Japanese boxer (born 1995)

Seiya Tsutsumi (堤聖也) (born December 24, 1995) is a Japanese professional boxer. He is a two-time World Boxing Association (WBA) bantamweight champion having held the title since December 2025 until May 2026. and previously from 2024 to 2025.

==Boxing career==
===Early career===
Tsutsumi made his professional debut on March 27, 2018, winning the bout by KO in the first round.

Then, in September 2019, Tsutsumi transferred to Kakuebi Geki Boxing Gym. After that, he entered the GOD'S LEFT bantamweight tournament as a seed in the first round and entered the semi-finals, and was scheduled to compete in the semi-finals against Kenya Yamashita at Korakuen Hall on November 9 of the same year, but the match was canceled due to Yamashita's withdrawal. He advanced to the finals with a bye.

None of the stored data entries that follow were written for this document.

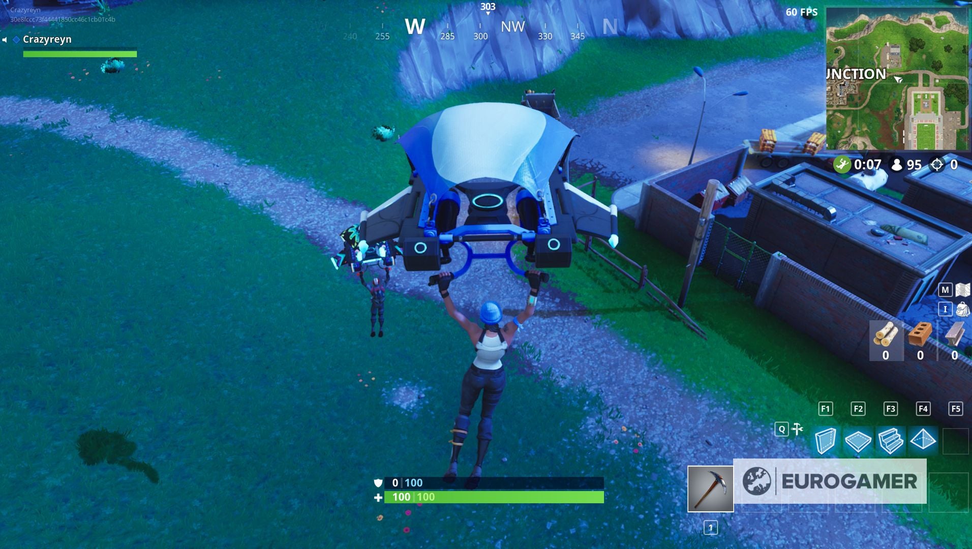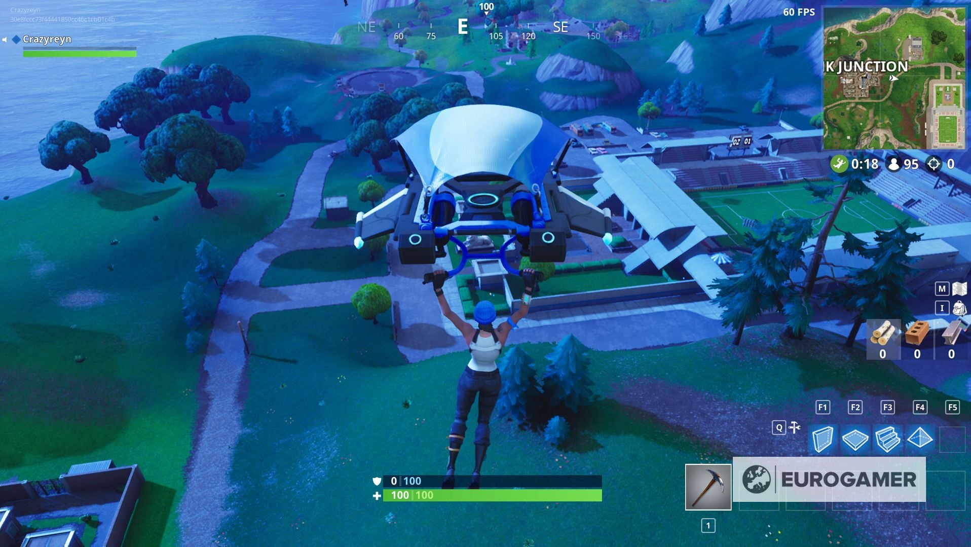 Terwijl je erheen stapt, zul je een aantal herkenningspunten tegenkomen om je de weg te wijzen. Je wil dat Junk Junction ten westen van je ligt, het voetbaldstadion in het zuid-oosten en een gebouw in het noorden.
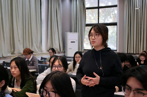 六位同学的分享真挚动人、内涵深刻,引发在场师生的强烈共鸣。学生党员翁紫嫣和赵政赫结合自身感悟发言。他们表示,六位同学的故事里有汗水,也有感动,像一颗颗种子,在他们心中生根发芽。
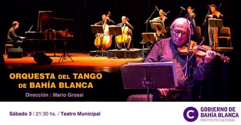 La Orquesta del Tango de Bahía Blanca con la dirección del maestro Mario Grossi vuelve al escenario del Teatro Municipal festejando su noveno aniversario de su formación, este sábado 3 de Mayo, a las 21:30 horas.
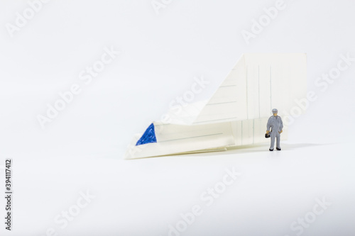 © Werachat, Obraz premium Miniature people : Close up engineer with paper airplane isolated on white background

On January 28, 2020, Tsutsumi faced Kazuki Nakajima, ranked 6th in the Japanese bantamweight division, in the tournament final. The match ended in a majority draw at 0-1 (75–77, 76–76, 76–76) after 8 rounds.

On October 26, 2020, Tsutsumi faced Daigo Higa, a former WBC world flyweight champion. The fight ended in a majority draw, one judge scoring it in favour of Higa, 96–94, while the other two judges saw the fight as a draw, scoring it 95-95.

===Japanese bantamweight champion===
On June 23, 2022, Tsutsumi fought against Japanese bantamweight champion Kyosuke Sawada. He won the bout by TKO at 47 seconds in the 8th round, successfully winning the title.

On October 20, 2022, in his first Japanese bantamweight title defense, Tsutsumi faced Kenshin Oshima, the 6th ranked Japanese bantamweight. He won the by TKO at 2 minutes and 42 seconds in the 9th round, successfully defending his title for the first time.

On March 20, 2023, in his next Japanese bantamweight title match, Tsutsumi faced Minamide, the No. 1 ranked Japanese bantamweight. He won by TKO at 1 minute 41 seconds in the seventh round, successfully defending his title for the second time. In addition, his opponent Minamide retired from active duty after this match.

On March 31, 2023, it was announced that Tsutsumi would be seeded in the first round and participate in the semi-finals of the Ohashi Boxing Gym's Monster Tournament.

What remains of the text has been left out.